Нередко Ягода, который фанатично продвигал строительство, возвращал ему замечания со словами:
– Господин Борович, так нельзя. Вызовите клиента и объясните ему, в чем он неправ. Тут очевидно незнание предписаний. Мы не можем погрязать в бюрократии.
– Но дом уже возведен под крышу, что-то менять там поздно, – возражал Борович.
– Значит, нам придется пойти на какие-то уступки.
– Против устава?
– Устав – для людей, не люди для устава, – заявлял Ягода.
Порой еще и добавлял:
– Из-за этой австрийской формальности все рухнет.
Сам же был если не формалистом, то по меньшей мере ригористом. Все уставы и предписания он знал наизусть, к тому же его родиной были территории, при Разделах[2] отошедшие к Австрии. Возможно, поэтому он не выносил ничего, что напоминало ему Австрию. Было это всем известной слабостью Ягоды. Если он пускался в какую-то дискуссию, а кто-то начинал говорить об австрийскости его взглядов, он сразу же пасовал.
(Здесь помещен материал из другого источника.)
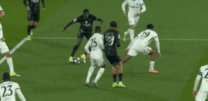 比赛随后进入拉锯战。上半场结束前,登贝莱终于展现出金球先生的实力。他在禁区内连续摆脱两名防守球员,低射破门,大巴黎2-1进入中场休息。

Борович положил на стол Малиновского уже вторую проработанную папку, когда тот наконец явился. Был в светлом – слишком светлом для конторы – костюме, его дополнял ярко-синий галстук. Он поздоровался с Боровичем, как всегда, с ни к чему не обязывающей сердечностью.
– Ты приехал! Прекрасно выглядишь! Мы по тебе соскучились. Дважды приходил к тебе барон Денхофф. Очаровательный человек. Господин из господинов… Да. Чудесная нынче погода. Ну, и как ты?… – Не дожидаясь ответа, обратился к Ягоде: – Здорово, Кази! Не злись из-за того, что я припозднился. Видишь ли, трамваи очень часто того…
Ягода молча пожал ему руку и вернулся к работе. Заговорил лишь какое-то время спустя:
– Вам не кажется, господин Борович, что некоторые тут и до самой смерти не отвыкнут от школярских отговорок?
– Кази, ты это меня имеешь в виду? – вскинулся Малиновский.
– Тебя.
– Ну, знаешь ли!..
– Знаю.
Борович бросил взгляд на вскинутые в возмущении руки Малиновского. На пальце правой руки блестел сапфир в старой ренессансной оправе – перстень госпожи Богны. Это было действительно больно и невероятно обидно. «Обидно за госпожу Богну», – уточнил он. И неожиданно накатило горькое: «Почему?!» Если такой человек был выбран ею, то, как видно, он это заслужил, как и она его. Наверное, она нашла в Малиновском черты, которые посчитала достойными, – но тогда не ошибался ли он в своей оценке этой женщины?…
– Стефан, призываю тебя в свидетели! – обратился Малиновский к Боровичу. – Видишь, как давит иерархия!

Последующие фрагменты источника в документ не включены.